■ EXERCISE DESCRIPTION
Beginning at the line that contains "금융소비자 보호법의 가장", reproduce the entries below exactly, ending with the line that contains "ARTISSIMA 2015 OVAL, Lingotto". Omit each picture.

■ Records drawn from a dataset
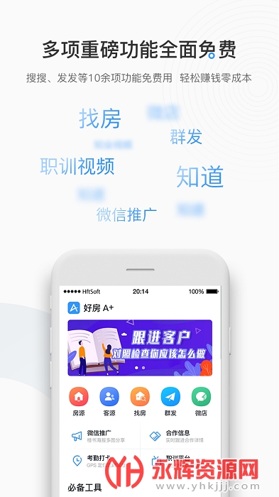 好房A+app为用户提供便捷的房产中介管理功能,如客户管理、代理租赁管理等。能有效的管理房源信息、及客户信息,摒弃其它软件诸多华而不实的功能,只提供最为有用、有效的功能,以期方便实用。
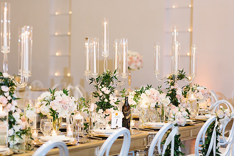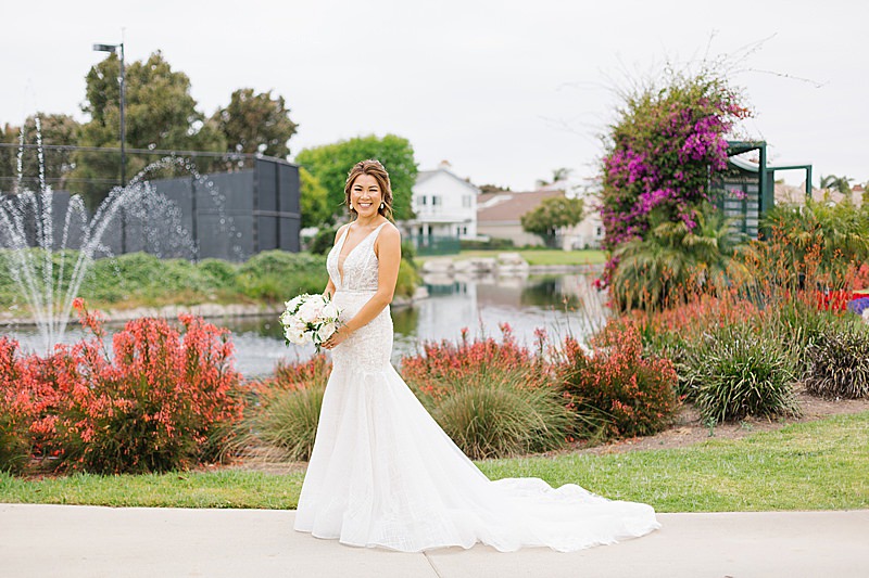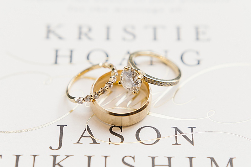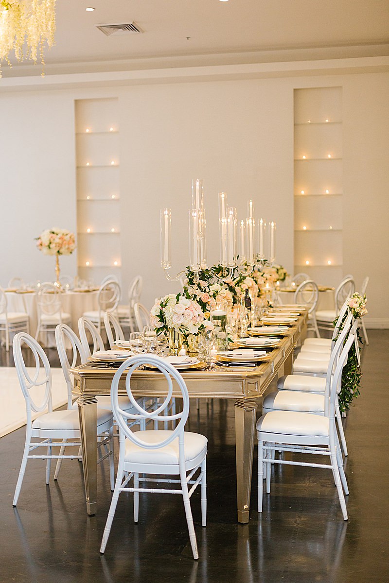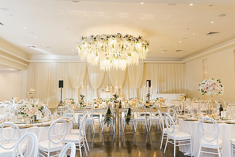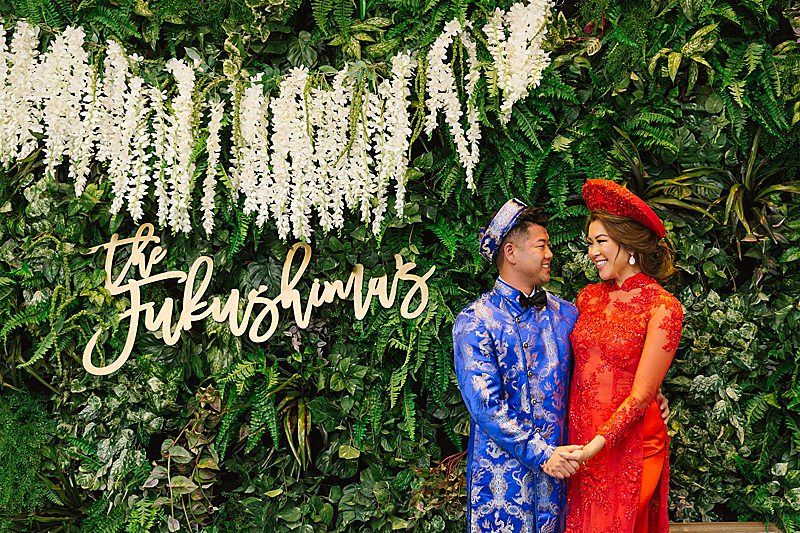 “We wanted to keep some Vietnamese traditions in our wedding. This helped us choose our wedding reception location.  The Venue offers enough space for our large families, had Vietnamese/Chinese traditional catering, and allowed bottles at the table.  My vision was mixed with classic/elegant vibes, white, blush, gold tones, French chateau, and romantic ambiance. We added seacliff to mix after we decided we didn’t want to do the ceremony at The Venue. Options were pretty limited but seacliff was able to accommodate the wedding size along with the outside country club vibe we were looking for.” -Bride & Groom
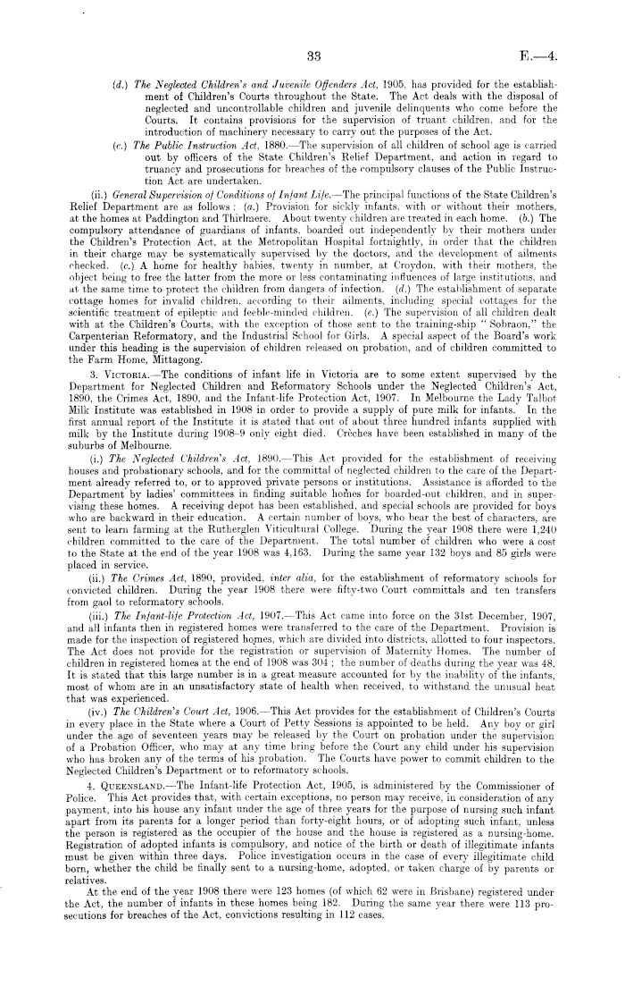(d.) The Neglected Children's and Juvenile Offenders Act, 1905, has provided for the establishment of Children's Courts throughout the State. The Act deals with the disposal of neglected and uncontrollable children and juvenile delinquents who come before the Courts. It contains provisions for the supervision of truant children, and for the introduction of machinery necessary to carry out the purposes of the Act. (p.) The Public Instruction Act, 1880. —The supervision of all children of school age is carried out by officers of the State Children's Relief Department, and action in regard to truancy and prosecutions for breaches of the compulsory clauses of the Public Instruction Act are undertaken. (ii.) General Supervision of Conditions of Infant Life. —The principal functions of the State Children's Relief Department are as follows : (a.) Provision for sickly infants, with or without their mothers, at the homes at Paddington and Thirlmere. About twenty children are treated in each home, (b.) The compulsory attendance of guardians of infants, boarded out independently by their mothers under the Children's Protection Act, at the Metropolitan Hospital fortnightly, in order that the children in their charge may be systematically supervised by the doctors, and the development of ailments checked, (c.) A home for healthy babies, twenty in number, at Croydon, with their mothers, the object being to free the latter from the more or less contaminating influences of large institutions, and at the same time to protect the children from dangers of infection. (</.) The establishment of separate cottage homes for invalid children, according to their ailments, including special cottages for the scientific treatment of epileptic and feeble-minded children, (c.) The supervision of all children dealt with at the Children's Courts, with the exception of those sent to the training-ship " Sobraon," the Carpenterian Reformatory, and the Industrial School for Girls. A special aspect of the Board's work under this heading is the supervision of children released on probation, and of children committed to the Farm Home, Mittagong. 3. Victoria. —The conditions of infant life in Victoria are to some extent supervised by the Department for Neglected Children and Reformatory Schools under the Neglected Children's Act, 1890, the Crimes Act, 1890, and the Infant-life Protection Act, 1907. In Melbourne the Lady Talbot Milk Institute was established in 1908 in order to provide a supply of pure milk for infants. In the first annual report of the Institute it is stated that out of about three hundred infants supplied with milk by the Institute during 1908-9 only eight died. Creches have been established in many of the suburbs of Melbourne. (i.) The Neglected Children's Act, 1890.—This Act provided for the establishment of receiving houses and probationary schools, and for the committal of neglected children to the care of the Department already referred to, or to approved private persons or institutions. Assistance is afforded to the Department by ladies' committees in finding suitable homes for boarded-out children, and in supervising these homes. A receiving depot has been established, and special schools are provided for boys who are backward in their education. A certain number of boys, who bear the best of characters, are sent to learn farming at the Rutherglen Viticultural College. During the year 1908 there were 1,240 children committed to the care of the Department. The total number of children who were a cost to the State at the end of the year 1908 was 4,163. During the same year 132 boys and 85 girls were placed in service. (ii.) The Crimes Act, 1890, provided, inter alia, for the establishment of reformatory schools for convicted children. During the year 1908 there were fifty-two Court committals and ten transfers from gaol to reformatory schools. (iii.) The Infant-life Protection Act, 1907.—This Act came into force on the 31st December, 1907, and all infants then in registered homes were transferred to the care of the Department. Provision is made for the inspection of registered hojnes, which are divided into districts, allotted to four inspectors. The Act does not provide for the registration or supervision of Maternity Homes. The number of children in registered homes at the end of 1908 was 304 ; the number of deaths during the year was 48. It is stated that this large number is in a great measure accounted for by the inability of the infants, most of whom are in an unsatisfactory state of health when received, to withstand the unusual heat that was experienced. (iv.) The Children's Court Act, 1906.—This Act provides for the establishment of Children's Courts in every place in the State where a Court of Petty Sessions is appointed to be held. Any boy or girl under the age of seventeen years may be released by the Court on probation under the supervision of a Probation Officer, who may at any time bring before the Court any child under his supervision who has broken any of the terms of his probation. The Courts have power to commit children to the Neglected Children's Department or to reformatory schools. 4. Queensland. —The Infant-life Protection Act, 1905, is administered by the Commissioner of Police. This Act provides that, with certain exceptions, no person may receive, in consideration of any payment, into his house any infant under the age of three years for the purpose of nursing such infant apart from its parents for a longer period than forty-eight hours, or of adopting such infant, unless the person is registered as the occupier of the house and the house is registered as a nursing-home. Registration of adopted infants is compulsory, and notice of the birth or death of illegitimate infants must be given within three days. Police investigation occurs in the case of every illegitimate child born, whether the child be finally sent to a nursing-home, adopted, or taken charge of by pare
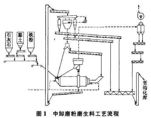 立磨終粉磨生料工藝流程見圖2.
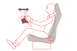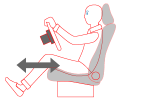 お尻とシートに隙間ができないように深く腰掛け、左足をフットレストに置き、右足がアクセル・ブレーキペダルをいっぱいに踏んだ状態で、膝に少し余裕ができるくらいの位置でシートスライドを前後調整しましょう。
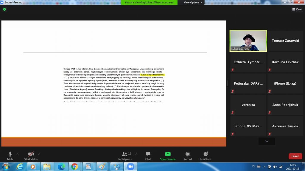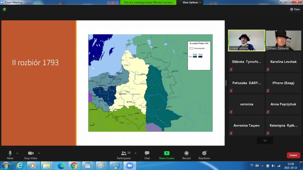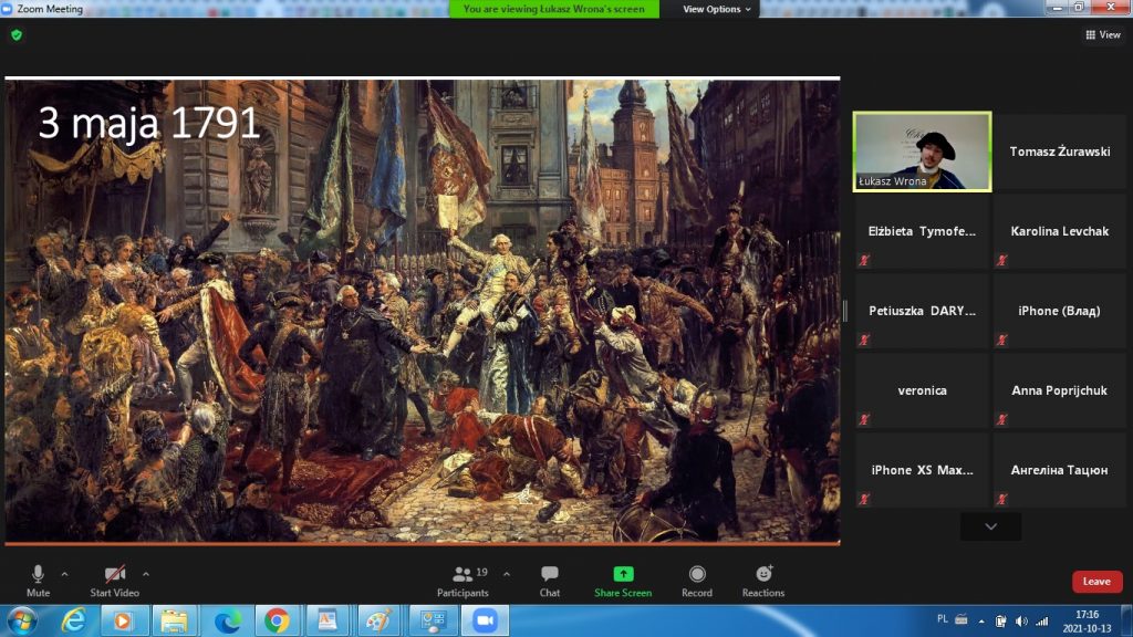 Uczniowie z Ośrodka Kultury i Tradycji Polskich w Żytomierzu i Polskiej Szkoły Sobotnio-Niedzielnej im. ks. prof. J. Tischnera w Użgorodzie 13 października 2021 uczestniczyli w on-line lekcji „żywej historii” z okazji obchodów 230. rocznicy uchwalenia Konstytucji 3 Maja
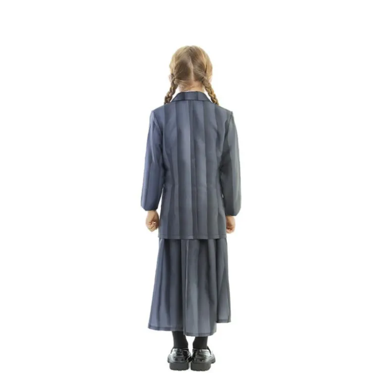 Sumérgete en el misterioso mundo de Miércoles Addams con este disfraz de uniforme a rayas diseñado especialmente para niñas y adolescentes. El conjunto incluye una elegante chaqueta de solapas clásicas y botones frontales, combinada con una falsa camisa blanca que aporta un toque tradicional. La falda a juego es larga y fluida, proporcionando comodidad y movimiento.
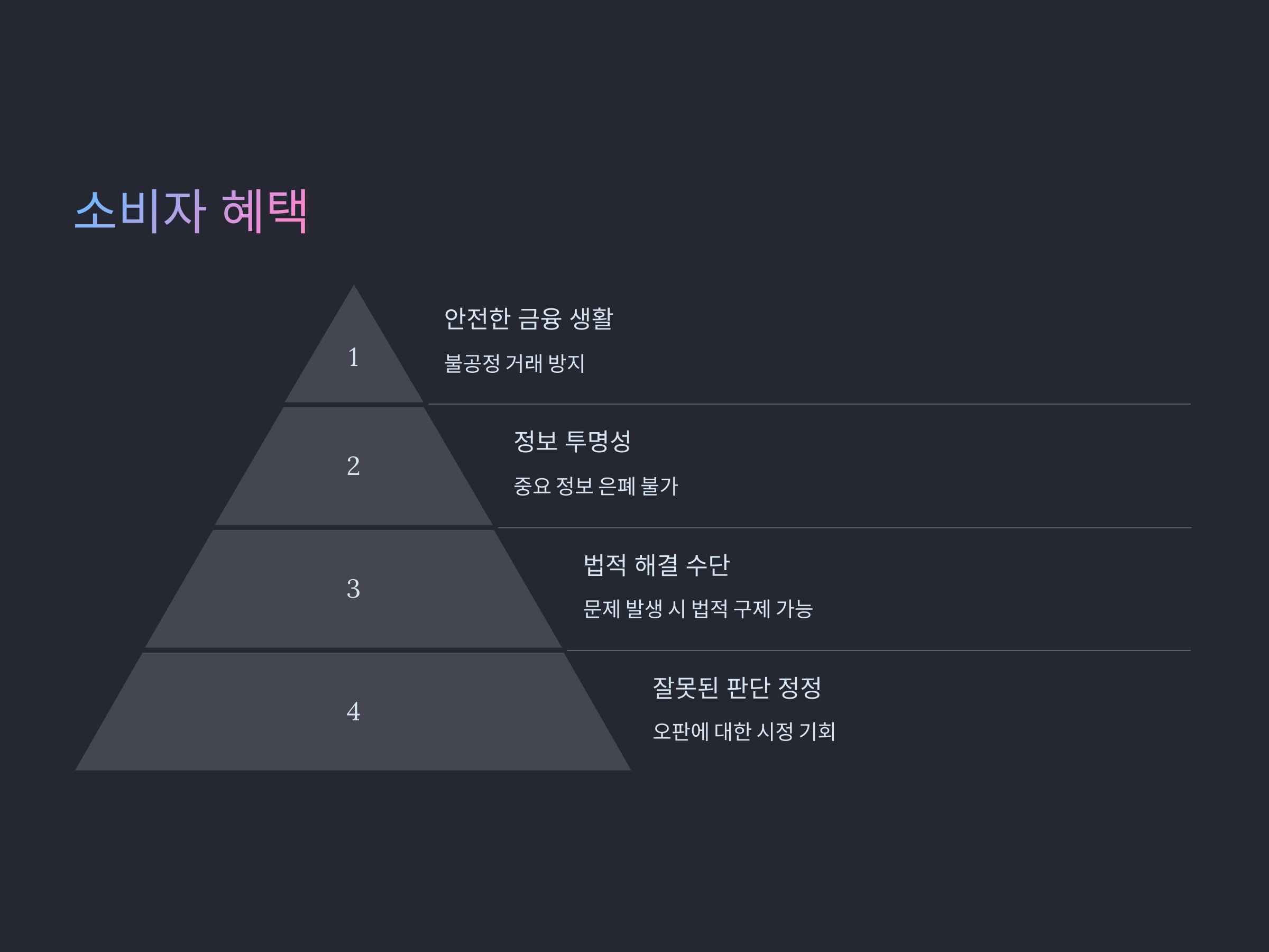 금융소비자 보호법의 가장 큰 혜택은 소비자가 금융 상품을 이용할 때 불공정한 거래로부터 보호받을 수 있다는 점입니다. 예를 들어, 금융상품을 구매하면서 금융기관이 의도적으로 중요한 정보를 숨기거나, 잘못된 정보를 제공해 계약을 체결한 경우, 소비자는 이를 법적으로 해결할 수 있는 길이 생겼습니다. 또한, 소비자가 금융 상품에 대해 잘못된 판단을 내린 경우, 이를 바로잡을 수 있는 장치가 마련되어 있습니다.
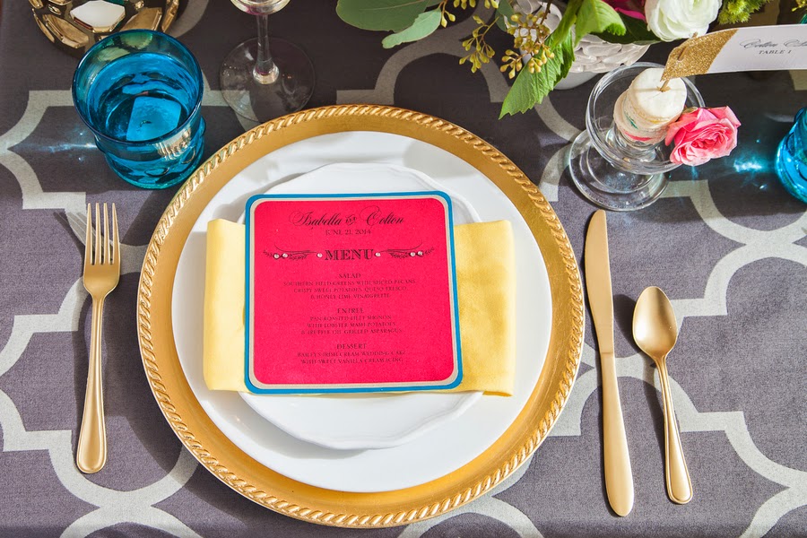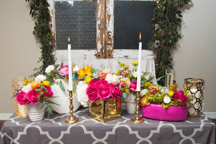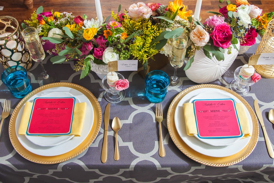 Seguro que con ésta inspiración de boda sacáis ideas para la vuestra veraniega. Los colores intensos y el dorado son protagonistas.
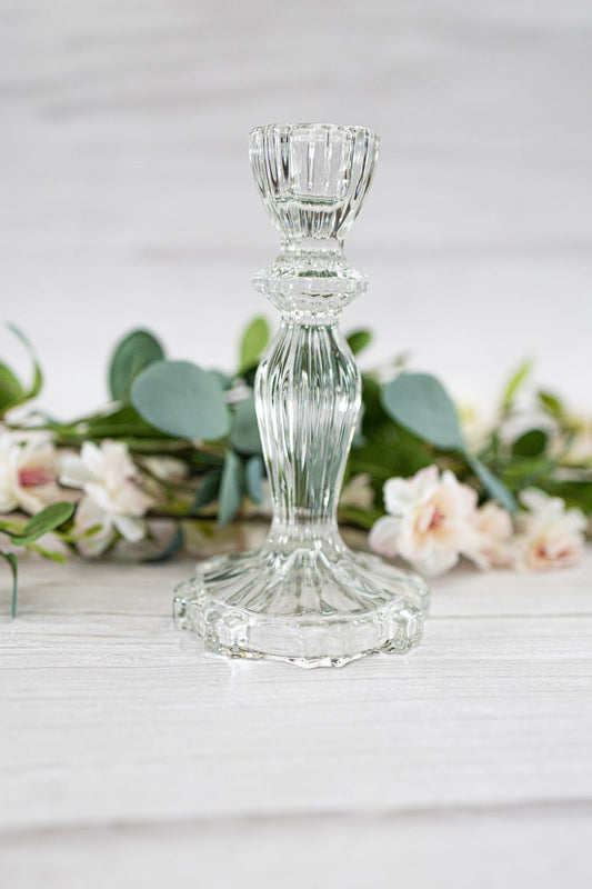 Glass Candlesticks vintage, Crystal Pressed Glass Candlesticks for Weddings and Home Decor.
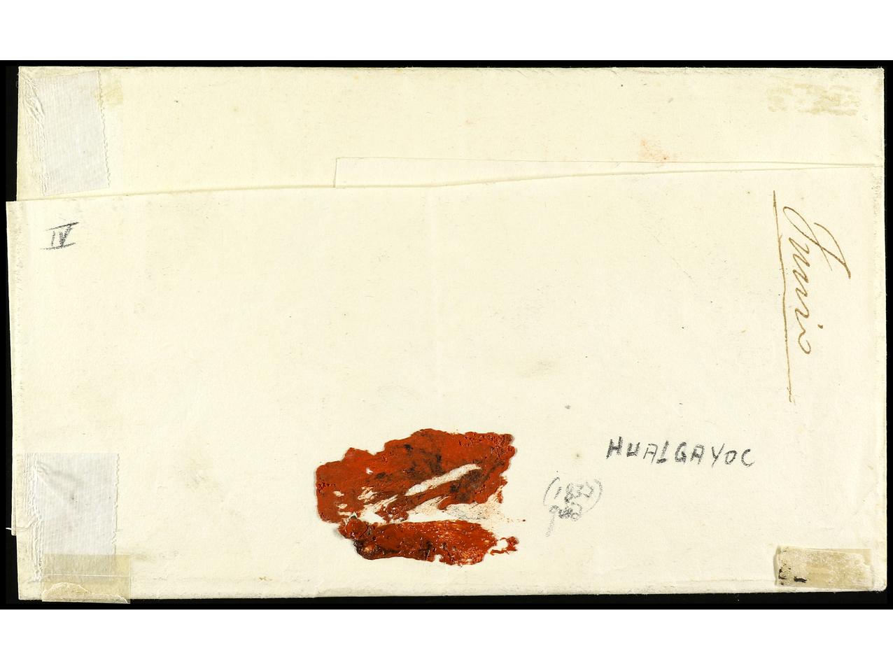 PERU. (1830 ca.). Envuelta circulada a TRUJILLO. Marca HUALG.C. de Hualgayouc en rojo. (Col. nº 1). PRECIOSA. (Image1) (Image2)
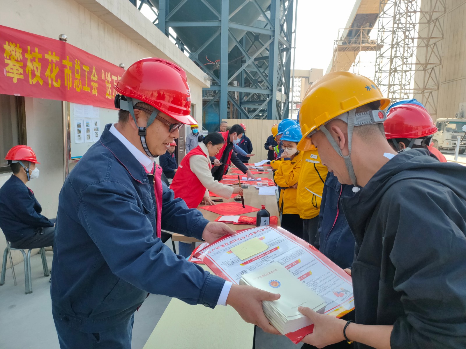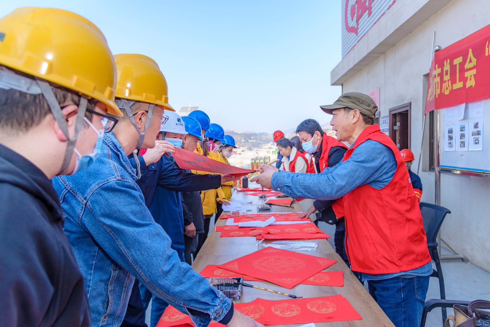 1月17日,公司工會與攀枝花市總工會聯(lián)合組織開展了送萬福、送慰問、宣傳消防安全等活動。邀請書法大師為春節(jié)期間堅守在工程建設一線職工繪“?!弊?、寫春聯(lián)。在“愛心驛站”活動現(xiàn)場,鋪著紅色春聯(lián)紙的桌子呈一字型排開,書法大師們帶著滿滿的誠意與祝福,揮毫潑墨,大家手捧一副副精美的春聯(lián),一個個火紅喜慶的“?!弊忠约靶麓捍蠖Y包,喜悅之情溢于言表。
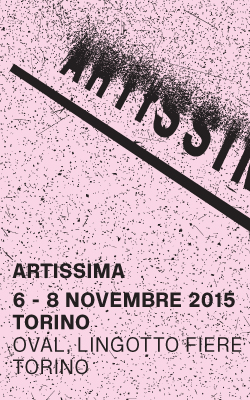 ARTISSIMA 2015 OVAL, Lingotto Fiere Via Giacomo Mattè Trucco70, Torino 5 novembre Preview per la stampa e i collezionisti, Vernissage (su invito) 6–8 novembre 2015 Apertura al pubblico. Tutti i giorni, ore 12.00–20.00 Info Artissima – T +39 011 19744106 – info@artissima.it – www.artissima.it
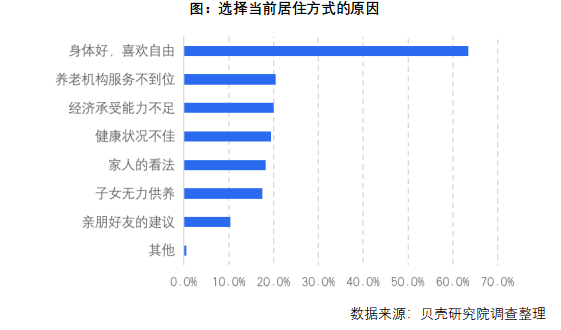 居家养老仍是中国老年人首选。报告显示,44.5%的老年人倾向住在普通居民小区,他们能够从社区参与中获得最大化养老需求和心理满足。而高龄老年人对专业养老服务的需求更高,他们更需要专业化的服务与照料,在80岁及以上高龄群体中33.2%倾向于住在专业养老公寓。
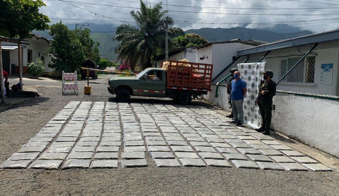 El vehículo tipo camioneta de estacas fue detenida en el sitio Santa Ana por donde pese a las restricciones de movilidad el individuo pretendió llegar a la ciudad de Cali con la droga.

■ ANSWER SPACE
 금융소비자 보호법의 가장 큰 혜택은 소비자가 금융 상품을 이용할 때 불공정한 거래로부터 보호받을 수 있다는 점입니다. 예를 들어, 금융상품을 구매하면서 금융기관이 의도적으로 중요한 정보를 숨기거나, 잘못된 정보를 제공해 계약을 체결한 경우, 소비자는 이를 법적으로 해결할 수 있는 길이 생겼습니다. 또한, 소비자가 금융 상품에 대해 잘못된 판단을 내린 경우, 이를 바로잡을 수 있는 장치가 마련되어 있습니다.
 Seguro que con ésta inspiración de boda sacáis ideas para la vuestra veraniega. Los colores intensos y el dorado son protagonistas.
 Glass Candlesticks vintage, Crystal Pressed Glass Candlesticks for Weddings and Home Decor.
 PERU. (1830 ca.). Envuelta circulada a TRUJILLO. Marca HUALG.C. de Hualgayouc en rojo. (Col. nº 1). PRECIOSA. (Image1) (Image2)
 1月17日,公司工會與攀枝花市總工會聯(lián)合組織開展了送萬福、送慰問、宣傳消防安全等活動。邀請書法大師為春節(jié)期間堅守在工程建設一線職工繪“?!弊?、寫春聯(lián)。在“愛心驛站”活動現(xiàn)場,鋪著紅色春聯(lián)紙的桌子呈一字型排開,書法大師們帶著滿滿的誠意與祝福,揮毫潑墨,大家手捧一副副精美的春聯(lián),一個個火紅喜慶的“?!弊忠约靶麓捍蠖Y包,喜悅之情溢于言表。
 ARTISSIMA 2015 OVAL, Lingotto Fiere Via Giacomo Mattè Trucco70, Torino 5 novembre Preview per la stampa e i collezionisti, Vernissage (su invito) 6–8 novembre 2015 Apertura al pubblico. Tutti i giorni, ore 12.00–20.00 Info Artissima – T +39 011 19744106 – info@artissima.it – www.artissima.it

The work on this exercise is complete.